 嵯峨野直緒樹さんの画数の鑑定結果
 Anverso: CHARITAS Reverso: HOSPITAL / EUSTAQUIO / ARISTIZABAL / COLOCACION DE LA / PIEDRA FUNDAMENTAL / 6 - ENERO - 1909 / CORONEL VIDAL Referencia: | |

--

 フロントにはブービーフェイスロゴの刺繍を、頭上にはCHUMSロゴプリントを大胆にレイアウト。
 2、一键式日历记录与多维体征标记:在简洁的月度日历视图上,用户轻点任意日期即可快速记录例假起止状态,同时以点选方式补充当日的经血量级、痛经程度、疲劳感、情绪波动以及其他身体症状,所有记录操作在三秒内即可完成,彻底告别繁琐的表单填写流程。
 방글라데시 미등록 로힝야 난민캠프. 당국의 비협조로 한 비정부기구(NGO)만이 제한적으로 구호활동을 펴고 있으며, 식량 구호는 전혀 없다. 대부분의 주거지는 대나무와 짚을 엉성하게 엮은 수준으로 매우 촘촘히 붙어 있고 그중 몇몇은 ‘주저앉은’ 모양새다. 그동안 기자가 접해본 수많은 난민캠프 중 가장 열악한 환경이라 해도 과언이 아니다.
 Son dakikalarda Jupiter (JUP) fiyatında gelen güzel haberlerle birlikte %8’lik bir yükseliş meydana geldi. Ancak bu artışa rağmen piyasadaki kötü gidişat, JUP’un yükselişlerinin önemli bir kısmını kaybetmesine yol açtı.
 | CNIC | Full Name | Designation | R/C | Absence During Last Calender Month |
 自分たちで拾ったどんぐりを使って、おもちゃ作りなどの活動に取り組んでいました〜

* * *

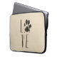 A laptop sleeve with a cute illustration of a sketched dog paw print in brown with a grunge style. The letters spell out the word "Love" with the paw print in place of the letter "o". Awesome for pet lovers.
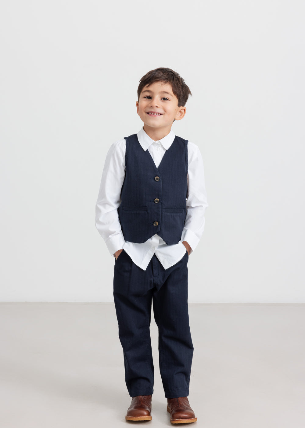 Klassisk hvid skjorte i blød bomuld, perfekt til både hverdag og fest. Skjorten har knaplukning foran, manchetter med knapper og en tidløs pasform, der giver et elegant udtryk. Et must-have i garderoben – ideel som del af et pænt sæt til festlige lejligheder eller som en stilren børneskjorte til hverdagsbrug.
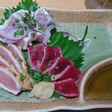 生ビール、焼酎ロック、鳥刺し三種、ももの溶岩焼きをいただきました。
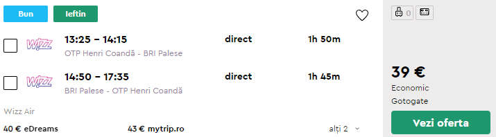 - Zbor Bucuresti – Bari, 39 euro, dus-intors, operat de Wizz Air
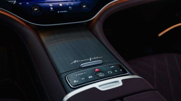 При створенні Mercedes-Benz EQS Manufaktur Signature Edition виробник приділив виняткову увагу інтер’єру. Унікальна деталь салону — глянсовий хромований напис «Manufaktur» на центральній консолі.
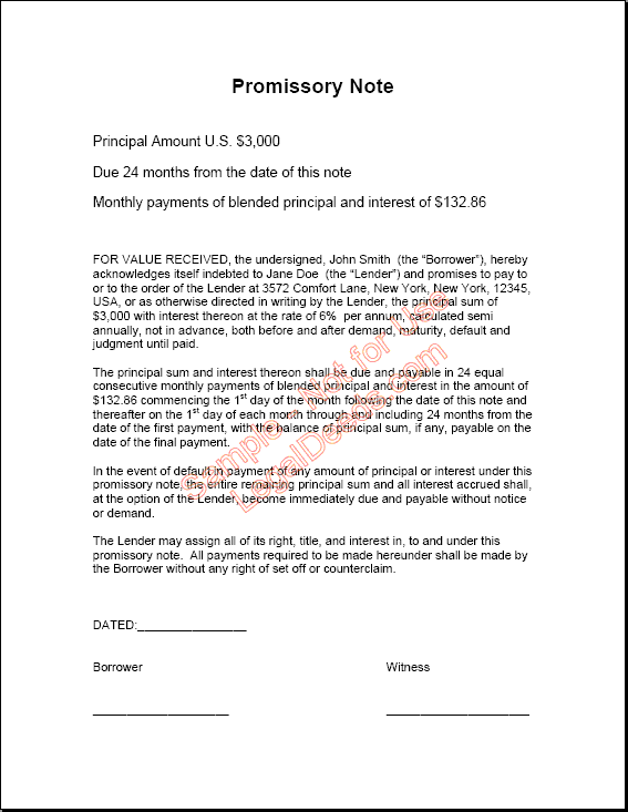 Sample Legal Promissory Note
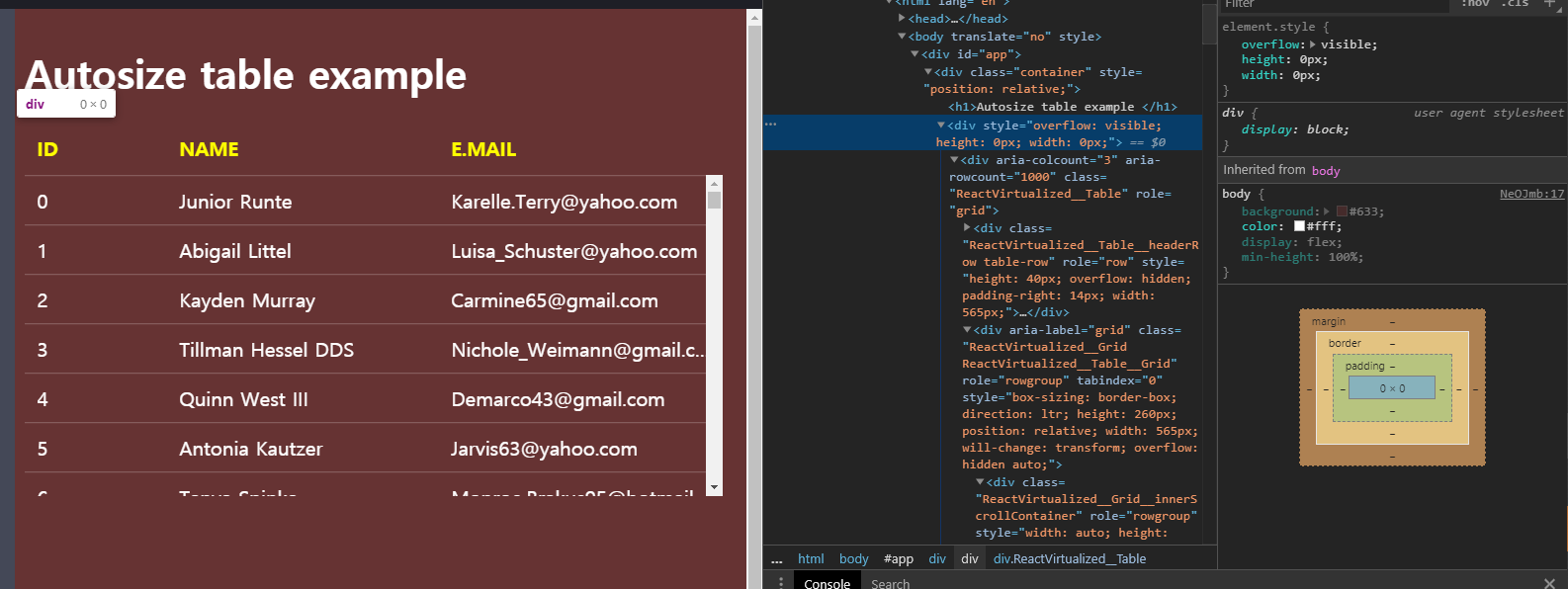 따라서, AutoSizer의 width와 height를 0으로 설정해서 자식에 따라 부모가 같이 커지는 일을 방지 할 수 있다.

# EXERCISE
For this task, write out exactly the lines of the entries above, starting at the line with "Calender Month |" and ending at the line with "自分たちで拾ったどんぐりを使って、おもちゃ作りなどの活動に取り組んでいました〜", both included, and no others.

# ANSWER BOX
 | CNIC | Full Name | Designation | R/C | Absence During Last Calender Month |
 自分たちで拾ったどんぐりを使って、おもちゃ作りなどの活動に取り組んでいました〜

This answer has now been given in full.